Queens of the Dead

Regia – Tina Romero (2025)

C’è una vecchia foto di scena, scattata durante le riprese di Day of the Dead, che mi è sempre piaciuta tantissimo, forse perché mi ricorda la mia infanzia: si vede George Romero che ride insieme a Sherman Howard truccato da Bub. Il regista tiene in braccio una bambina che non avrà neanche un paio d’anni, e le se ne sta lì tutta tranquilla, con questo mostro che le fa le faccette buffe.
La bimba è Tina Romero, cresciuta tra gli zombi, e la foto ha esattamente quarant’anni.
Io non lo so se è un problema mio, che sono una sentimentale di merda, ma quando ho saputo, all’inizio del 2024, che Tina si era messa dietro la macchina da presa per girarlo lei, un film di zombie, ho ripensato a quella foto e mi sono fatta uno dei pianti più lunghi e liberatori della mia vita.
Quindi, comprendetemi e, se volete, compatitemi, ma per me Queens of the Dead non è un film come tutti gli altri; è speciale, è un destino che si compie, è un’eredità che vive nel nostro sangue.
Per mia fortuna, è anche una gran bella horror comedy, e uno dei pochissimi film di zombie recenti a fare qualcosa di interessante con un materiale che, lo sappiamo tutti, è diventato stantio.

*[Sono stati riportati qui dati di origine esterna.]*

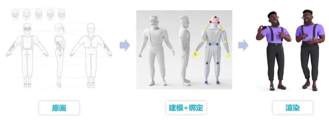 形象生成的过程即为建立数字资产的过程,通常由原画师负责虚拟人的外观设计,绘制出平面形象,再由3D建模师将原画转换为立体的模型;在建模的过程中,建模设计师的经验显得尤为重要,通过合理的叠加贴图方式和精度取舍,可以让虚拟人达到系统可以承载范围内的最佳效果。

Dre (Katy O’Brian) sta cercando di organizzare una serata drag nel suo locale tra mille imprevisti, quando arriva l’imprevisto definitivo: i morti non trovano posto all’inferno e decidono di camminare sulla terra. Insieme a una variegata compagine gruppo di amici, conoscenti e rivali, Dre dovrà passare la notte chiusa nel suo bar, aspettando che sua moglie Lizzy (Riki Lindhome) la raggiunga per lasciare la città insieme.
Come dicevo sopra, il materiale è sempre il solito e ormai puzza un po’ di chiuso: il gruppo di persone assediate in un interno lo abbiamo visto tante di quelle volte che ci è venuto a noia. Ma vale anche il vecchio adagio per cui non è necessario reinventare la ruota, se questa funziona e ti porta sempre da qualche parte. È tuttavia necessario svecchiarla e soprattutto rifarle il trucco.
Romero la ruota la ricopre di lustrini e strass, e la usa per portarci dentro a un universo che, al contrario di quanto fa il cinema mainstream contemporaneo, è interamente popolato da personaggi queer. L’unico etero presente in scena , mè quello strano, quello diverso, obbligato ad adeguarsi a chi gli sta intorno, a imparare un nuovo linguaggio e un nuovo modo di occupare lo spazio con il proprio corpo.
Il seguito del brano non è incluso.